“Lo he dicho mil veces”, “nadie nunca hace nada”, “todo está peor que nunca”… ¿Mil? ¿Nunca? ¿Todo? ¿Existe en realidad el registro de ese supuesto millar de mensajes? Quien lo dice sabe que \»mil veces\» significa, en el mejor de los casos, tres. Quizá cinco. Tal vez las suficientes para justificar la molestia, pero no las suficientes para justificar el número. Por lo regular, cuando las palabras se inflan, dejan de nombrar la realidad y empiezan a sustituirla.

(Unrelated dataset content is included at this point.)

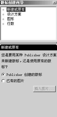 这是Publisher的一个特别功能,专门为你设计和制作自己公司的徽标,非常方便。打开最后一个版面我们会看到左侧的这个徽标,如图12所示。上面是一个小图形,下面是一排文字。如果你需要调整徽标的话,将光标放在徽标上面,用鼠标点徽标下面的小方框,就会出现“徽标创建向导”,如图13所示。
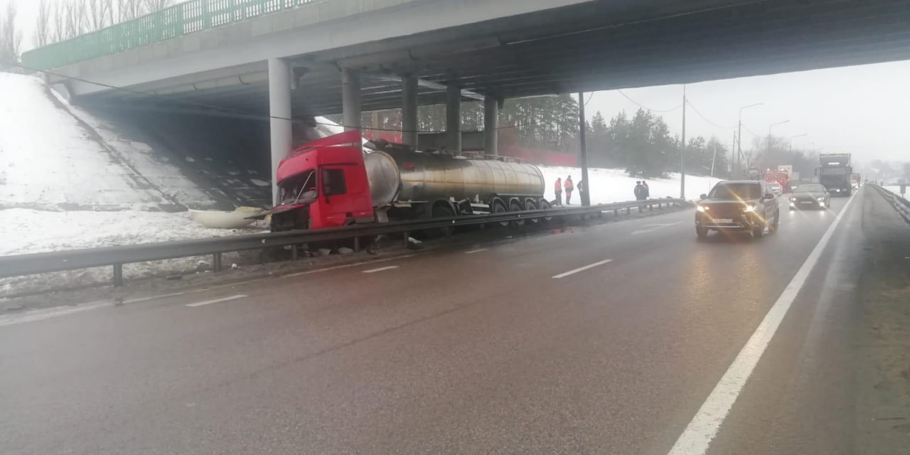 Авария произошла в 6.30 утра на 482 км трассы М-4 «Дон». Здесь 49-летний водитель фуры «Мерседес Бенц» с полуприцепом не справился с управлением своей машины. В результате автоцистерна врезалась в дорожное ограждение, а затем и съехала в кювет.

La hipérbole se ha vuelto el idioma cotidiano de la conversación pública. Está en la queja ciudadana, en la mesa familiar, en la tribuna política, en la sobremesa, en la radio y en la red social. Vivimos rodeados de cifras imposibles que nadie se toma el trabajo de verificar, y aun así la mayoría de las personas las acepta porque suenan más intensas que la verdad.
Más que la molestia —que en términos razonables suele ser legítima—, el problema es apelar al recurso automático de exagerarla, porque al hacerlo se anula la posibilidad de discutir sobre hechos compartidos. Hay una diferencia entre expresar una inconformidad y dramatizarla hasta volverla irreconocible.
Como recurso retórico, la hipérbole tiene una lógica seductora, ya que simplifica, intensifica y captura atención. Sin embargo, en un entorno saturado de voces, quien exagera con la finalidad de ganar ventaja pierde credibilidad y, además, contribuye a deteriorar la conversación y entorpece la rendición de cuentas.
A ello se suma que también compromete al periodismo y a cualquiera que aspire a informar con rigor, pues repetir la hipérbole sin someterla a contraste termina por degradar la voz pública. Una cosa es que los problemas existan y otra muy distinta es aprovechar los medios informativos para inflar deliberadamente los datos con el propósito de ejercer presión. En términos ideales, un profesional del periodismo tiene la tarea de no tolerar esa práctica, porque al permitirla, al dejar de cuestionarla, pasa de ser testigo a cómplice.
Aunque la siguiente analogía pueda parecer —paradójicamente— una exageración, vale como recurso didáctico: quien recurre a la hipérbole para atraer atención mediática no está tan lejos, en términos de intención, de quien amaga sin disparar; en ambos casos, el objetivo es intimidar. Lo problemático es que suele funcionar. Funciona porque, presionados por la velocidad del ciclo informativo y la falta de recursos para verificar, algunos medios han terminado por normalizar la queja hiperbólica como un género menor, pero rentable en términos de audiencia.
No se trata de silenciar la queja ciudadana ni de enfriar el lenguaje hasta volverlo inerte, menos en una región como el trópico húmedo tabasqueño, donde las formas de habla suelen ser “floridas”. Se trata de exigirle al periodismo que haga su trabajo: contrastar, precisar y contextualizar. Si alguien dice que lleva un año reportando un problema, preguntar cuándo fue la primera vez; si habla de miles de llamadas, pedir el número de registro. Decir “tres veces” cuando son tres. Decir “dos semanas” cuando son dos.
Desde una perspectiva deontológica, una queja formulada con exactitud no pierde fuerza; por el contrario, se vuelve irrefutable.
La hipérbole no es inocente. Es, en el peor de los casos, una mentira cómoda. Cuando todo es “urgente” y “gravísimo” se distorsiona la medida y, con ello, se debilita la confianza. Ya no importa quién habla —periodista, político o ciudadano—, porque el ruido ocupa el lugar de los hechos. Quizá, en medio de tanto exceso, la exageración se imponga por un momento; pero la precisión es la única que resiste cuando las afirmaciones se someten al contraste de lo verificable.